Henry Wadsworth Longfellow (1807-1882) was one of the great American poets of the 19th century. He was born at Portland, a seaport town in Maine, U.S.A. on 27 February, 1807. His father Stephen Longfellow was a lawyer and was originally from Yorkshire, England. H. W. Longfellow was the second one of eight children of his parents. He was friendly, sensitive and meritorious from his childhood. He had his early education at Portland Academy. Then he was admitted in Bowdoin College in Brunswick, Maine in 1822. At Bowdoin, he met Nathaniel Hawthorne who became his lifelong friend. After graduating from there in 1825, he made a long European tour.

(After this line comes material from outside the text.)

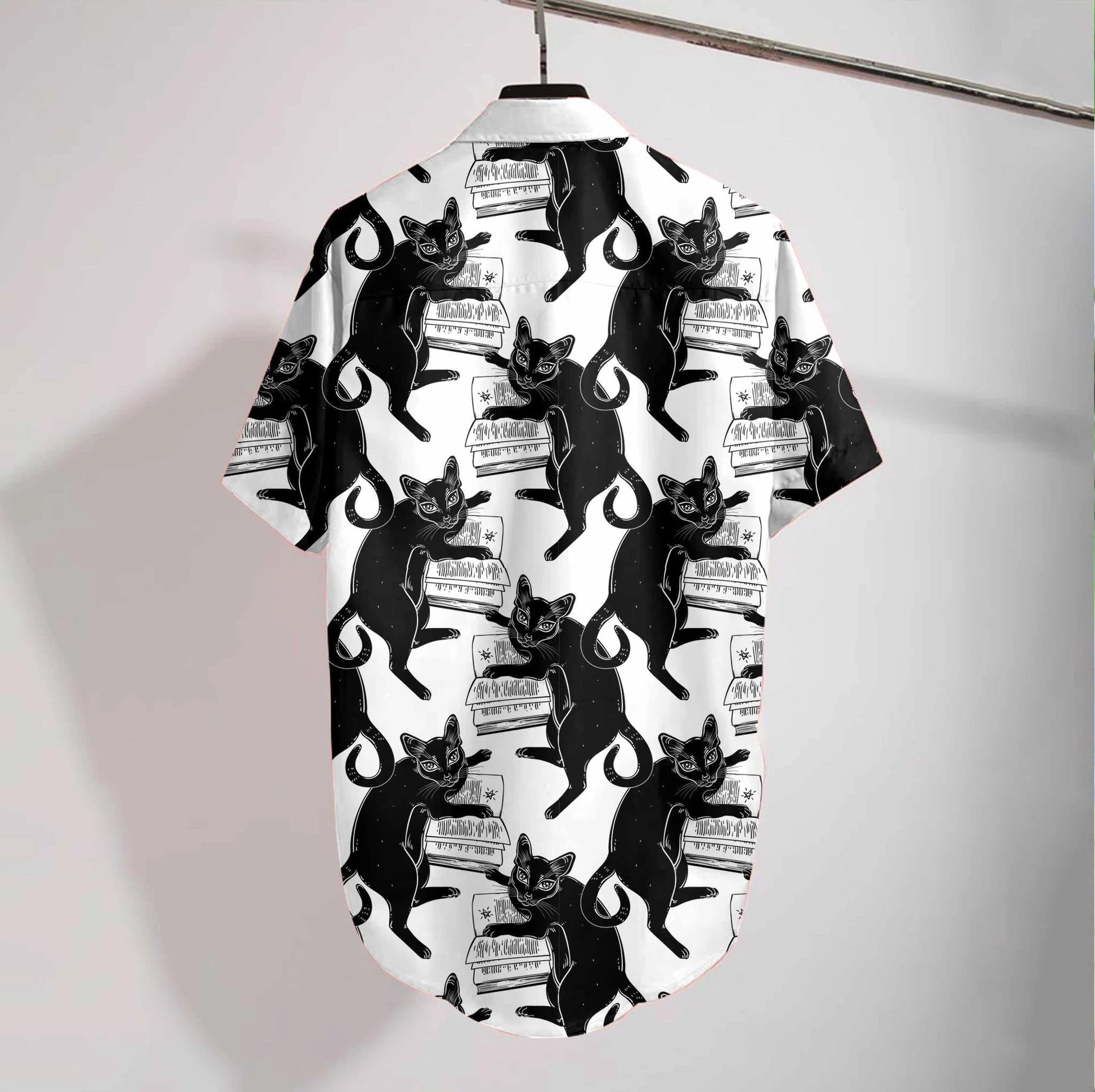 Happy Halloween Spooky Black Cat Loves Book Hawaiian Shirt, Hawaiian Shirt Gift, Christmas Gift

He returned home in 1830 and became the first Professor of Modern Languages at Bowdoin College. In 1831, he married Mary Storer Potter, an intelligent and beautiful girl of Portland. But his 22 year old wife died during their trip in Rotterdam after suffering a miscarriage in 1835. When he returned to the United States in 1836, he became the Professor of Modern Languages at Harvard University. Then he settled in Cambridge, Massachusetts, where he lived for the rest of his life although he liked to spend summers at his home Nahant.
After seven years of courtship he married Miss Frances ‘Fanny’ Appleton, the daughter of a wealthy Boston industrialist, Nathal Appleton in 1843, eight years after the death of his first wife. He resigned his professorship in 1854 to devote all his time to poetry. He was also a devoted husband. But his marriage ended in sadness. After eighteen years of happy married life, Fanny was accidentally burnt to death in 1861. Longfellow was devastated by her death and never fully recovered. He died on 24 March in 1882, after suffering from peritonitis for five years. He was buried at Mount Auburn Cemetery, Cambridge, Massachusetts.
He became one of the most popular poets of his day in America and England. He began to write and publish poetry at the age of thirteen. His first notable publication Voices of Night (1839) was a collection of poems including The Psalm of Life, The Beleaguered City and The Midnight Mass of the Dying Year. His other major collection of poems are Evangeline (1847), The Golden Legend (1851), The Song of Hiawatha (1855), The Courtship of Miles Standish (1858), Tales of a Wayside Inn (1863), Birds of Passage, etc. His poetry is based on common and easily understood themes with simple, clean and lucid language.